Эльжбета вообще мало вспоминала о прошлом, только когда я рассказывал, что, как я узнал, Исаак Башевис Зингер родился в Белгорае недалеко от села моего отца, могла обронить что-нибудь вроде: “Я с ним встречалась”. В Брайант-парке вспомнила Халберстама только в связи с его похоронами, на которые поехала и не смогла вынести встречи с его теперешней женой, или уже вдовой… Дэвид погиб в автокатастрофе в Калифорнии, кажется, в Лос-Анджелесе. Эльжбета была хранительницей своего прошлого, его живым воплощением, легендой при жизни и мифологемой слухов. Понимала свое величие, но никогда его не подчеркивала, смотрела глазами, полными печали, а сигаретный дым закрывал тонкие черты ее немолодого лица, затирая следы морщин, как лучший французский крем.
Мне импонировало, что эта блестящая актриса, за плечами которой были история, успех, мужчины, любовники, читает мои стихи, и что мы вместе выступаем, и что нас связывает не прошлое, а только Нью-Йорк, и что, когда мы прогуливаемся по дорожкам Брайант-парка, на нас никто не обращает внимания.
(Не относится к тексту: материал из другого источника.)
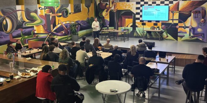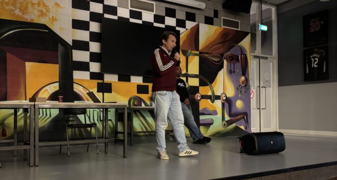 Om klokslag zeven uur opent Julius Egan, spreekstalmeester van de avond en één van de vele betrokken medewerkers van de Amsterdamse Voetbalagenda. Met een ontspannen toon praat hij de zaal door het programma heen. “Mooi dat jullie er allemaal zijn. Dit is precies waar voetbal om draait: samenkomen, delen, vooruitkijken.” Ook de voorzitter van Zuid Oost United, Donovan Hooghart, heet iedereen van harte welkom in hartje Amsterdam-Bijlmer.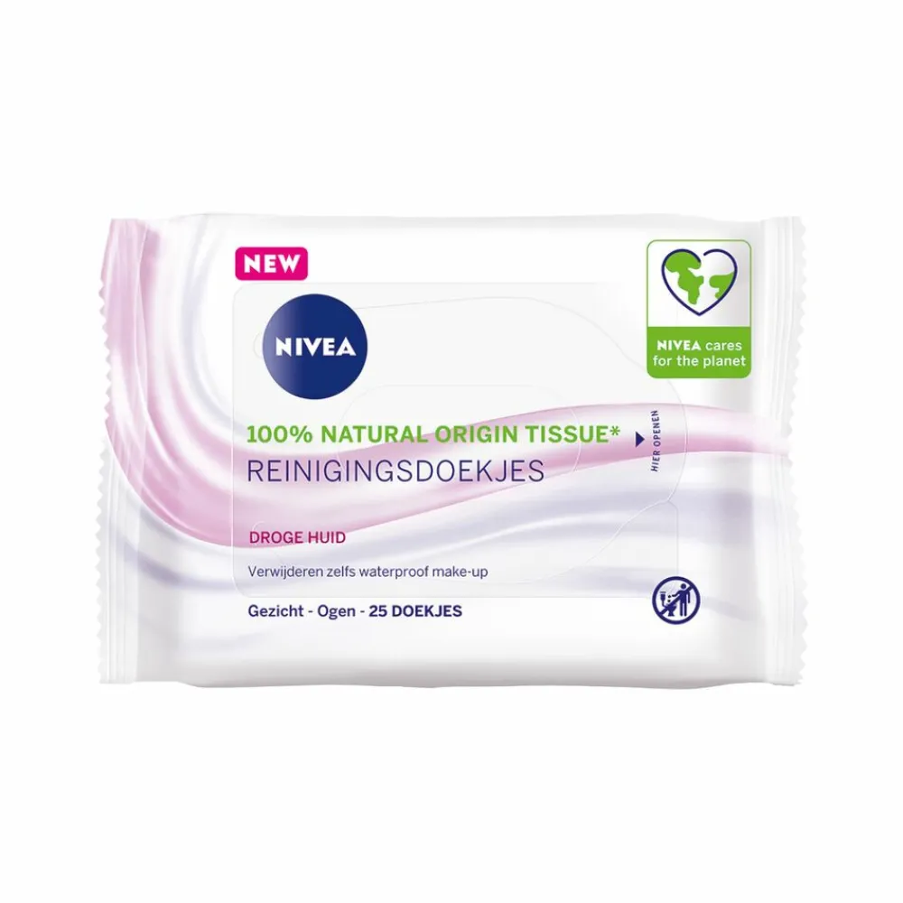 Nivea 3-in1 Zachte Reinigingsdoekjes voor de droge huid verwijderen doeltreffend zelfs waterproof make-up en mascara, zodat je huid grondig gereinigd en verfrist wordt. Huidvriendelijkheid dermatologisch en oftalmologisch goedgekeurd. Reinigingsdoekjes van natuurlijke oorsprong*.*Ingrediënten afkomstig uit de natuur die na verwerking meer dan 50% van hun natuurlijke staat behouden, inclusief water.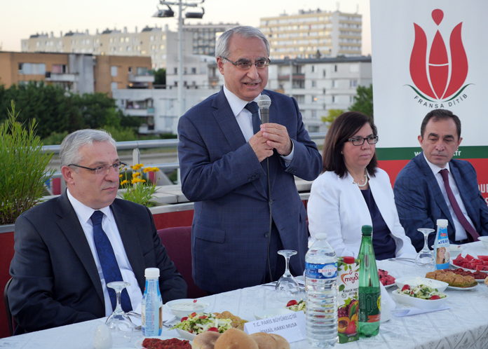 Öncesi Kur’an-ı Kerim Tilavetini Paris Din Hizmetleri Ataşe Vekili İlhan Sarıkülçe okudu ve Paris Din Hizmetleri Müşavir vekili Strazburg Din Hizmetleri Ataşesi Dr. M. Fevzi Hamurcu, davetlileri selamladı. ve iftar yemeğine katılanlara katılımlarından dolayı teşekkür etti. Proğram çerçevesinde, Kur’an-ı Kerim Tilavetini Paris Din Hizmetleri Ataşe Vekili İlhan Sarıkülçe okudu. İftar vaktinin geldiğini DİTİB Merkezi Camii Din Görevlisi Hasan Gökmen okuduğu Akşam ezanıyla duyurdu. Davetliler oruçların açtılar ve daha sonra yemek duası okundu. Davetliler arasında bulunan Büyükelçi İsmail Hakkı Musa, proğramda belirtildiği üzere, iftara iştirak eden davetlileri kısa bir konuşma yaptı.
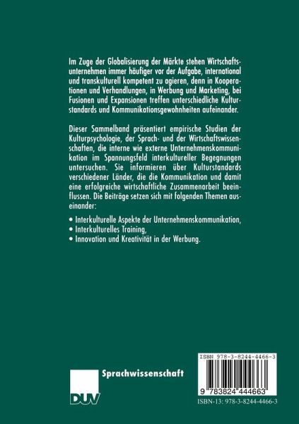 Dieser Sammelband präsentiert empirische Studien der Kulturpsychologie, der Sprach- und der Wirtschaftswissenschaften, die interne wie externe Unternehmenskommunikation im Spannungsfeld interkultureller Begegnungen untersuchen. Sie informieren über Kulturstandards verschiedener Länder, die die Kommunikation und damit eine erfolgreiche wirtschaftliche Zusammenarbeit beeinflussen. Die Beiträge setzen sich mit folgenden Themen auseinander: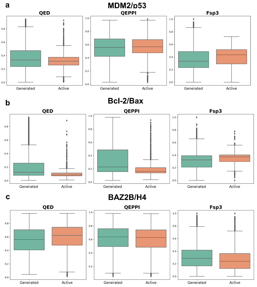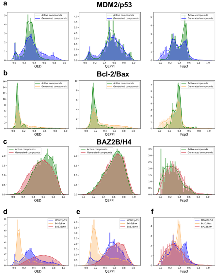 随后,研究人员比较了针对MDM2/p53、Bcl-2/Bax和BAZ2B/H4的活性化合物与生成化合物的QED、QEPPI和Fsp³分布(图2)。结果表明,生成化合物的类药性分布与所有三个PPI界面靶点的活性化合物高度相似。这表明源自PPI界面特征的条件输入在引导生成过程向生物学相关化合物方向发展方面起到了关键作用。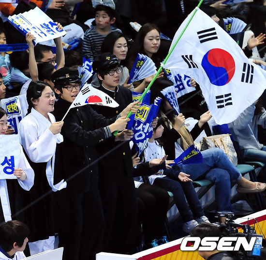 1일 오후 대전 충무체육관에서 열린 '2011-2012 NH농협 V리그' 남자부 삼성화재와 대한항공의 경기, 관중들이 태극기를 들고 응원을 하고 있다.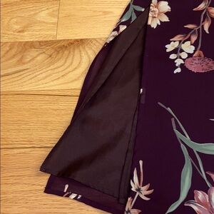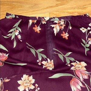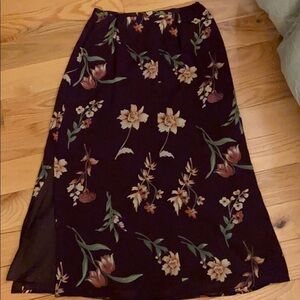 Lined skirt with floral pattern. Elastic on each side of waist and a zipper and button closure, slot on side, size 8, EUC
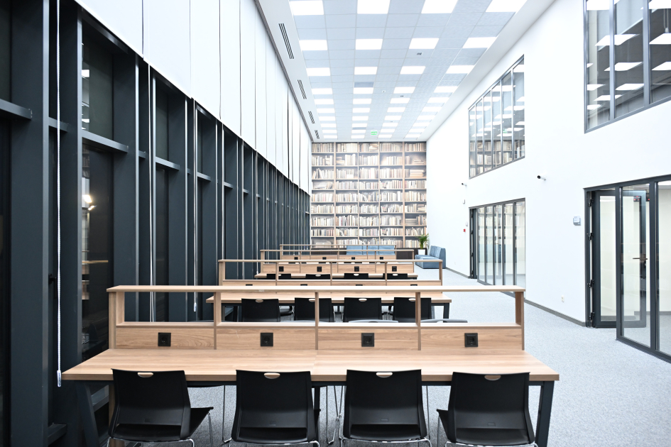 Tədris binasında 40 auditoriya, kompüter laboratoriyaları, kitabxana, oxu və akt zalları, iclas, inzibati və professor-müəllim otaqları mövcuddur. Müasir universitet konsepsiyasına uyğun dizayn edilərək inşa olunmuş binanın layihələndirilməsi və tikilməsində dayanıqlı inkişaf, inklüzivlik və resurslardan səmərəli istifadə prinsipləri nəzərə alınıb. Bir sözlə, bina tədris, tədqiqat və inzibati fəaliyyətin daha səmərəli şəkildə həyata keçirilməsinə imkan verən geniş və müasir infrastruktura malikdir.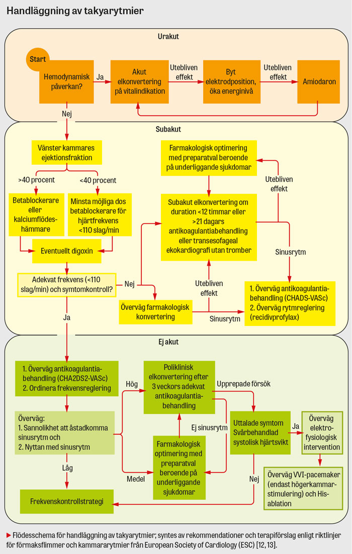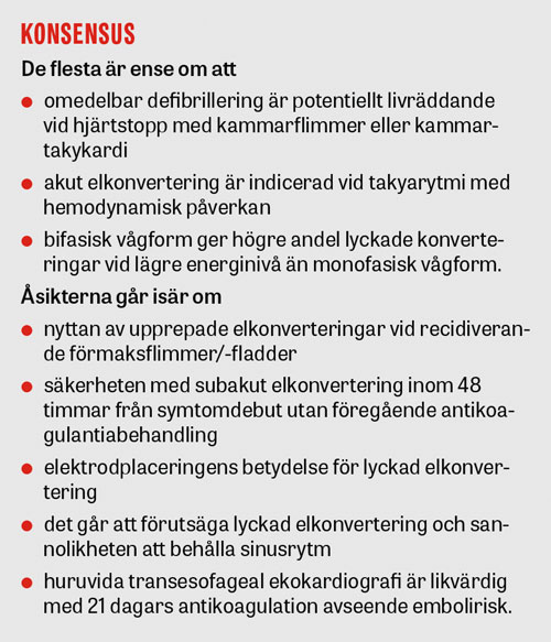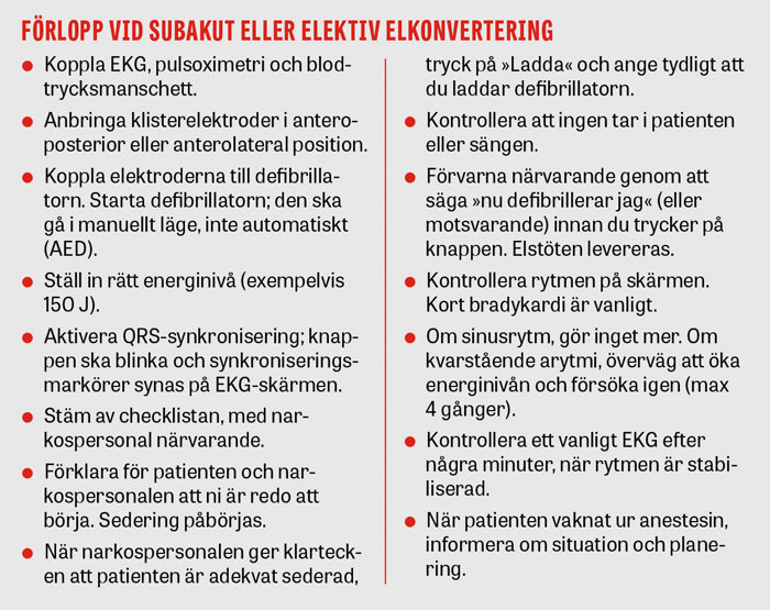 Elkonvertering. Akut elkonvertering utförs vid kammartakykardi eller förmakstakykardi med hemodynamisk påverkan, symtomgivande ischemi eller betydande inkompensation, som inte svarar på eller är lämpliga för frekvensreglerande eller konverterande läkemedelsbehandling [11–13]. Den hemodynamiska påverkan av en arytmi beror på frekvens och underliggande sjukdomar, men elkonvertering är oftast det bästa alternativet, eftersom det är effektivt och säkert [12].
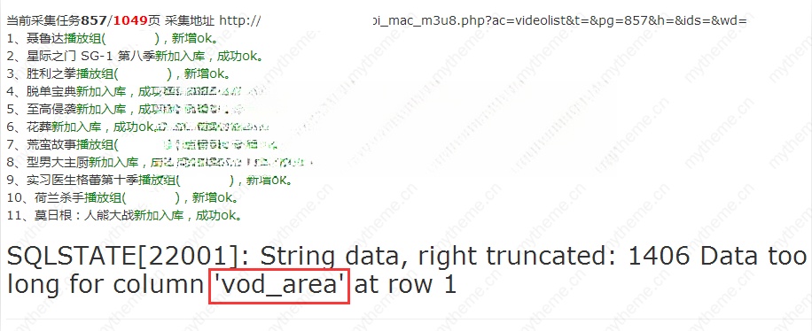 • 一般报错基本是语言(vod_lang)和地域(vod_area)两个字段采集的数据超过了数据表字段的类型长度限制

Во всем многолюдье парка нас знала только наша Гертруда. Кажется, это место выбрала Эльжбета. Она рассказывала, что из окна своей квартиры видела, как в 1981 году устанавливали этот памятник американке, которая прожила в Париже много лет, что помнит, как готовили под него фундамент, как устанавливали мраморный постамент и сам памятник, отлитый с другого, сделанного еще в 20-х годах. Любила, когда я читал свое стихотворение “Гертруда Стайн”, но почему-то в английском переводе.
После десяти лет супружеской жизни с Халберстамом они разошлись, Эльжбета осталась в Нью-Йорке с собачкой и жила где-то в окрестностях Ист-Виллиджа. Говорили, что за эти десять лет ее американский муж натерпелся всякого, в их квартире постоянно были какие-то гости, в основном поляки в первые недели своей эмигрантской жизни. Эльжбета всех принимала и всем помогала. В костюмах Халберстама ходили безработные польские актеры, которых оказалось немало в Нью-Йорке после военного положения, введенного Ярузельским. Их с Дэвидом автомобиль разбил пьяный актер: куда-то торопясь, он вызвал подозрения у полиции, а на требование остановиться просто перепугался и врезался в крепкий нью-йоркский фонарь, перевернув несколько баков с городским мусором, но, к счастью, не задев никого из пешеходов.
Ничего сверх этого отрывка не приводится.